Billionaire Matalan founder wins 84m tax appeal after HMRC runs out of time
HMRC allowed too much time to pass before issuing its assessment for 84m worth of unpaid tax, a tribunal concluded
HMRC has lost out on 84m in tax after the billionaire founder of Matalan convinced a court the tax office took too long to go after the money.
John Hargreaves, 75, who founded the retail chain in 1985, has won his battle against the taxman relating to his tax return filed in 2002.
The dispute related to his sale of around 230m of shares in Matalan in May 2000. A few months before the sale, in March, Mr Hargeaves told HMRC he had moved to Monaco and was no longer a tax resident in the UK.

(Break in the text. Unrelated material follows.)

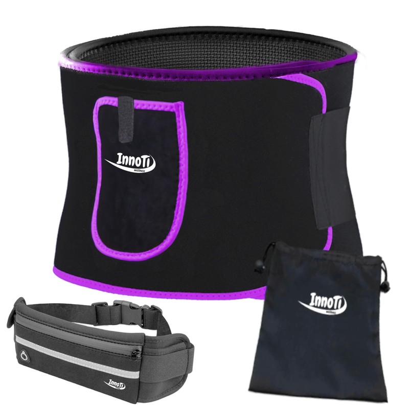 - Practical and an absolute novelty: the slimming belt has a practical built-in pocket in which your mobile phone, cards, documents or other items can be stored, so that your hands are completely free. As a novelty, we have also attached a safety lock to the bag, so that your items are even safer when storing with this slimming belt from InnoTi

The taxman first opened an investigation into his affairs in 2004, after being alerted to the fact he was working for three days a week at the firms head office in Skelmersdale, but did not issue its charge for 84m in unpaid capital gains tax until 2007.
A tax tribunal, the papers of which were published last week, concluded this delay meant HMRCs assessment had gone stale and it cannot claim the tax.
Judge John Brooks said: There was, at the very least, more than three years between the discovery and the assessment. In my judgment, given this delay, the discovery had lost its quality of newness and become stale by the time the assessment was made. Accordingly the assessment cannot stand.
HMRC has the right to appeal the decision. A spokesman said: We are considering the judgment carefully.
Although Mr Hargreaves had moved to Monaco in March 2000 he first lived in a luxury hotel before settling in a rented property after a brief spell living on-board his yacht. He continued to work in the UK.
HMRC opened an inquiry in January 2004 after media coverage of Mr Hargreaves working arrangements.
In January 2007 it issued him with a discovery assessment for 84m in unpaid capital gains tax on the sale of the shares. Mr Hargreaves has been contesting this ever since on the grounds that he was not a British tax resident at the time and that HMRC had failed to follow the correct procedures.
The tribunal papers reveal that in September last year he withdrew the first part of the appeal accepting that he was resident in the relevant period. However, it found against HMRC on a procedural point.
The judge was critical of Mr Hargreaves for not seeking sufficiently detailed advice before filing his tax return but concluded that HMRC had let the clock run down on its inquiry.